--- Dataset extract Enclosed Below ---

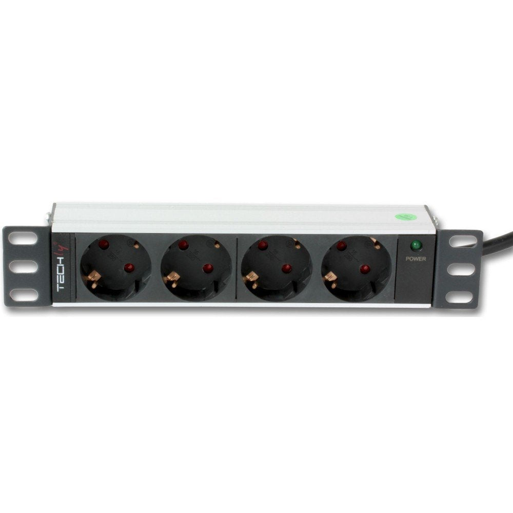 Techly I-CASE M10-4D unidad de distribución de energía (PDU) 4 salidas AC 1U Negro, Plata
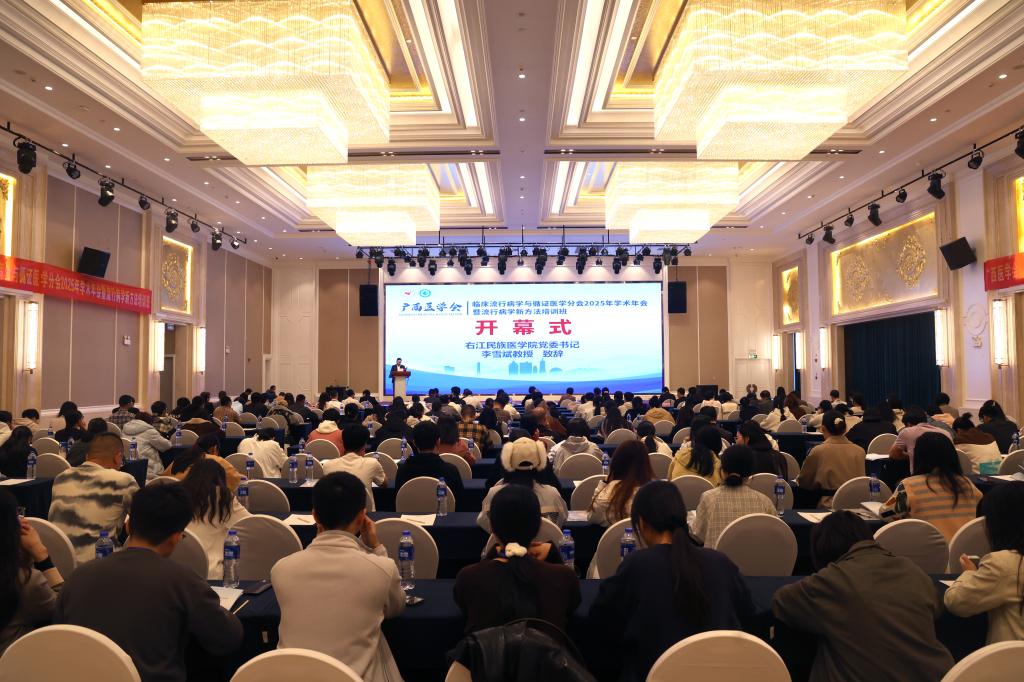 11月14日至16日,广西医学会临床流行病学与循证医学2025年学术年会暨流行病学方法培训班在百色顺利召开,来自全区各高校、医院及医疗卫生系统的200余名专家学者、医护人员齐聚一堂,围绕学科前沿动态、实践应用成果等核心议题展开深入交流,共同推动我区临床流行病学与循证医学领域的高质量发展。本次年会由广西医学会主办,广西医学会临床流行病学与循证医学分会承办,鸭脖附属医院(临床医学院)和公共卫生学院、广西医科大学公共卫生学院、桂林医科大学公共卫生学院共同协办。开幕式由鸭脖党委常委、副校长谭盛葵主持。
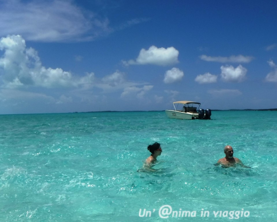 Arrivano i ragazzi che ci accompagneranno nel tour, siamo solo 9 persone, noi gli unici italiani: è perfetto!! Alle 8 si parte per gli Exuma cays, la parte di Exuma che è formata da tante piccole ed esclusive isole. Subito alla partenza ci appaiono degli isolotti lambiti da un mare con ogni sfumatura di blù e per alcuni vengono a raccontarci a chi appartengono le isole: quella è di David Copperfield, quella è di John Fry’s imprenditore americano, ecc.ecc., insomma stiamo costeggiando le isole delle celebrità.

--- End of Enclosed Dataset extract ---

__Exercise objective__: Print the material in full and exactly; the pictures must not be printed.

__Result for this exercise__:
 Techly I-CASE M10-4D unidad de distribución de energía (PDU) 4 salidas AC 1U Negro, Plata
 11月14日至16日,广西医学会临床流行病学与循证医学2025年学术年会暨流行病学方法培训班在百色顺利召开,来自全区各高校、医院及医疗卫生系统的200余名专家学者、医护人员齐聚一堂,围绕学科前沿动态、实践应用成果等核心议题展开深入交流,共同推动我区临床流行病学与循证医学领域的高质量发展。本次年会由广西医学会主办,广西医学会临床流行病学与循证医学分会承办,鸭脖附属医院(临床医学院)和公共卫生学院、广西医科大学公共卫生学院、桂林医科大学公共卫生学院共同协办。开幕式由鸭脖党委常委、副校长谭盛葵主持。
 Arrivano i ragazzi che ci accompagneranno nel tour, siamo solo 9 persone, noi gli unici italiani: è perfetto!! Alle 8 si parte per gli Exuma cays, la parte di Exuma che è formata da tante piccole ed esclusive isole. Subito alla partenza ci appaiono degli isolotti lambiti da un mare con ogni sfumatura di blù e per alcuni vengono a raccontarci a chi appartengono le isole: quella è di David Copperfield, quella è di John Fry’s imprenditore americano, ecc.ecc., insomma stiamo costeggiando le isole delle celebrità.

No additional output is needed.